Under the assumption that E[ε | X] = 0 (strict exogeneity), the OLS estimator is unbiased [5][7]:

$$
\mathbb{E}[\hat{\beta} \mid X] = \beta
$$

This means that on average, over repeated sampling, the estimated coefficients equal the true parameter values.

### Variance

The variance-covariance matrix of the OLS estimator is [7]:

$$
\mathrm{Var}(\hat{\beta} \mid X) = \sigma^2 (X^\top X)^{-1}
$$

where $$\sigma^2$$ is the variance of the error terms. An unbiased estimator of $$\sigma^2$$ is:

$$
s^2 = \frac{\hat{\varepsilon}^\top \hat{\varepsilon}}{n - p}
$$

The denominator uses *n* - *p* (the degrees of freedom) rather than *n* to correct for the bias that would otherwise arise from using estimated residuals instead of true errors.

### Consistency

As the sample size *n* grows, the OLS estimator converges in probability to the true parameter values, provided the regressors satisfy certain regularity conditions (such as the sample moment matrix XᵀX/n converging to a positive definite matrix) [5].

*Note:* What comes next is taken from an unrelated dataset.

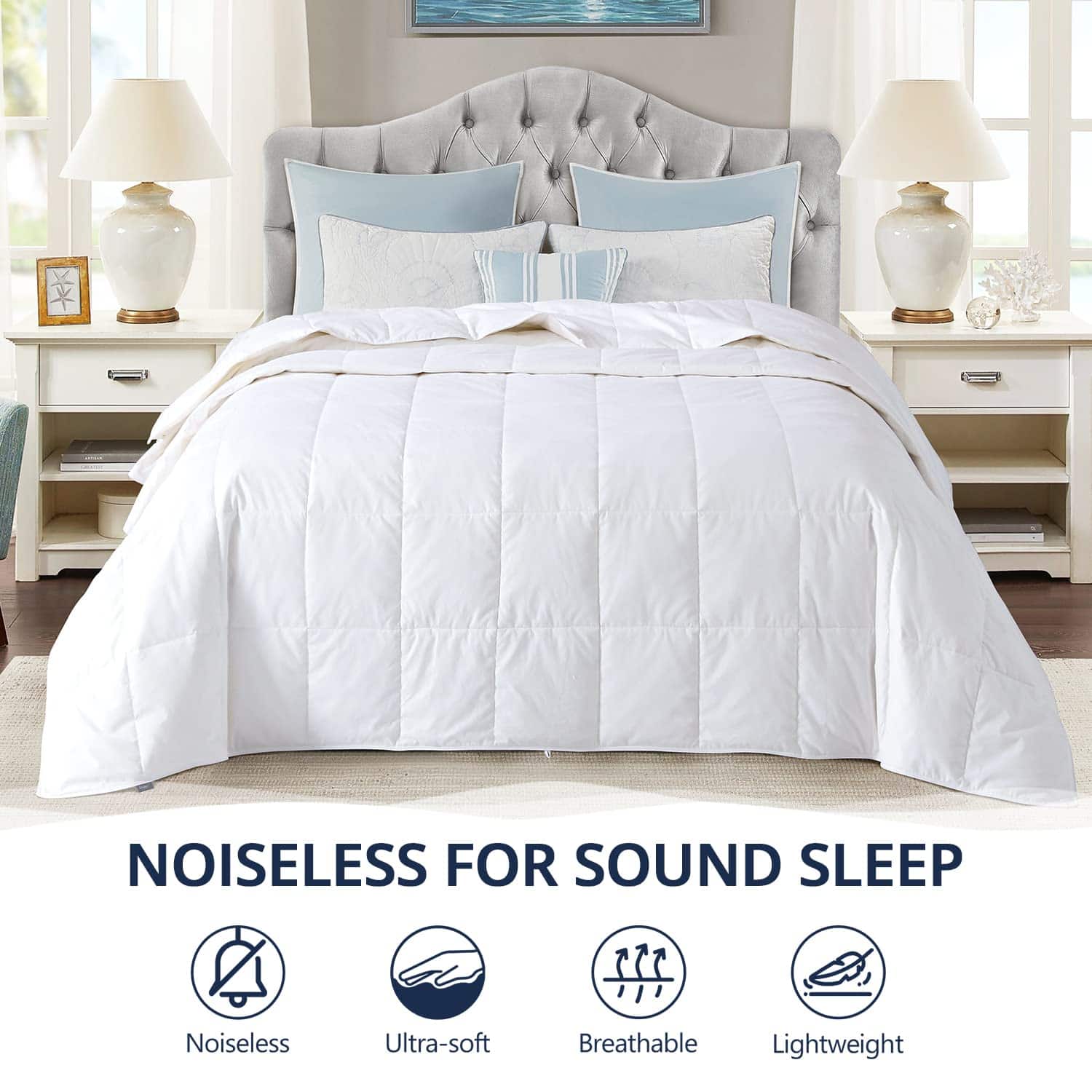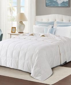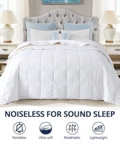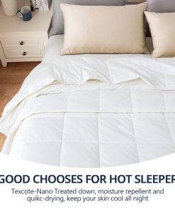 Edredón de plumas extra liviano para verano y personas que sienten calor. Relleno: 75% plumón de pato blanco Texcote-Nano tratado y 25% plumas de pato, repelente de humedad, peso de relleno: 12 OZ. Tela silenciosa al moverse en la cama, súper suave al tacto y evita que el relleno se escape, mejora la calidad del sueño, le permite disfrutar de una noche sin ruidos. Estilo elegante: acolchado en caja y doble costura para evitar que el relleno se desplace y escape. Bonito ribete con cuatro pestañas en las esquinas para sujetar la funda de edredón. Puede usarlo sin una funda de edredón ya que es muy suave al tacto, o puede usarlo con una funda de edredón para mantenerlo limpio y evitar lavados frecuentes. Certificado de seguridad: certificado OEKO-TEX STANDARD 100. Auditado por DOWNPASS, garantizamos que no se realiza arrancado de plumas vivas, cría en jaula ni alimentación forzada, todas las plumas y plumones provienen de la industria alimentaria.

### Efficiency under normality

When the errors are normally distributed, $$\varepsilon \sim N(0, \sigma^2 I)$$, the OLS estimator is not only BLUE (see below) but also the maximum likelihood estimator. In this case it achieves the Cramer-Rao lower bound, meaning no unbiased estimator (linear or nonlinear) can have lower variance [10].

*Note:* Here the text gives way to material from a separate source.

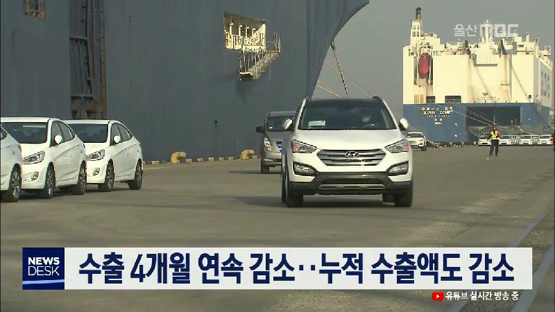 울산의 수출액이 4개월 연속 감소한 가운데 올해 누적 수출액도 감소로 전환했습니다. 한국무역협회 울산본부의 지난달 울산 수출입 동향을 보면 자동차 수출은 14% 늘었지만 석유화학과 선박이 각각 19.9%와 30.3% 감소하며 지난달 수출액이 작년 동월 대비 12.3% 감소한 60억 2천만 달러에 그쳤습니다. 이와 함께 10월까...

## What is the Gauss-Markov theorem?

The Gauss-Markov theorem is one of the central results justifying the use of OLS. It states that, under certain assumptions, the OLS estimator is the **Best Linear Unbiased Estimator (BLUE)** [15].

### Statement

The theorem states that "the ordinary least squares (OLS) estimator has the lowest sampling variance within the class of linear unbiased estimators, if the errors in the linear regression model are uncorrelated, have equal variances and expectation value of zero" [15]. More precisely, among all estimators that are (1) linear functions of the observed data *y* and (2) unbiased for the true parameter $$\beta$$, the OLS estimator has the smallest variance: for any linear unbiased estimator $$\tilde{\beta} = Cy$$, the difference $$\mathrm{Var}(\tilde{\beta}) - \mathrm{Var}(\hat{\beta})$$ is a positive semidefinite matrix.

Crucially, normality is not required. As the standard statement notes, "the errors do not need to be normal, nor do they need to be independent and identically distributed (only uncorrelated with mean zero and homoscedastic with finite variance)" [15].

### Required assumptions

The theorem holds under the following conditions [15]:

| Assumption | Mathematical statement | Meaning |
|---|---|---|
| Linearity | $$y = X\beta + \varepsilon$$ | The true model is linear in parameters |
| Strict exogeneity | $$\mathbb{E}[\varepsilon \mid X] = 0$$ | Errors have zero conditional mean given regressors |
| Homoscedasticity | $$\mathrm{Var}(\varepsilon_i) = \sigma^2$$ for all *i* | All error terms have the same constant variance |
| No autocorrelation | $$\mathrm{Cov}(\varepsilon_i, \varepsilon_j) = 0$$ for $$i \ne j$$ | Error terms are uncorrelated with each other |
| Full rank | $$\mathrm{rank}(X) = p$$ | No perfect multicollinearity; $$X^\top X$$ is invertible |

Notably, the Gauss-Markov theorem does **not** require the errors to be normally distributed. It only requires them to be uncorrelated with zero mean and constant variance [15].

### Proof sketch

Consider any alternative linear unbiased estimator $$\tilde{\beta} = Cy$$ where $$C = (X^\top X)^{-1} X^\top + D$$ for some matrix D. Unbiasedness requires $$DX = 0$$. The variance of $$\tilde{\beta}$$ is:

$$
\mathrm{Var}(\tilde{\beta}) = \sigma^2 C C^\top = \sigma^2 [(X^\top X)^{-1} + D D^\top]
$$

Since $$D D^\top$$ is positive semidefinite, $$\mathrm{Var}(\tilde{\beta}) - \mathrm{Var}(\hat{\beta}) = \sigma^2 D D^\top$$ is also positive semidefinite. Therefore OLS has the smallest variance among all linear unbiased estimators [15].

### Implications

The Gauss-Markov theorem guarantees that OLS is optimal within the class of linear unbiased estimators. However, it does not say OLS is the best estimator overall. Biased estimators such as [ridge regression](/wiki/l2_regularization) can achieve lower mean squared error through the [bias-variance tradeoff](/wiki/bias_variance_tradeoff), accepting a small amount of bias in exchange for a large reduction in variance [7][8].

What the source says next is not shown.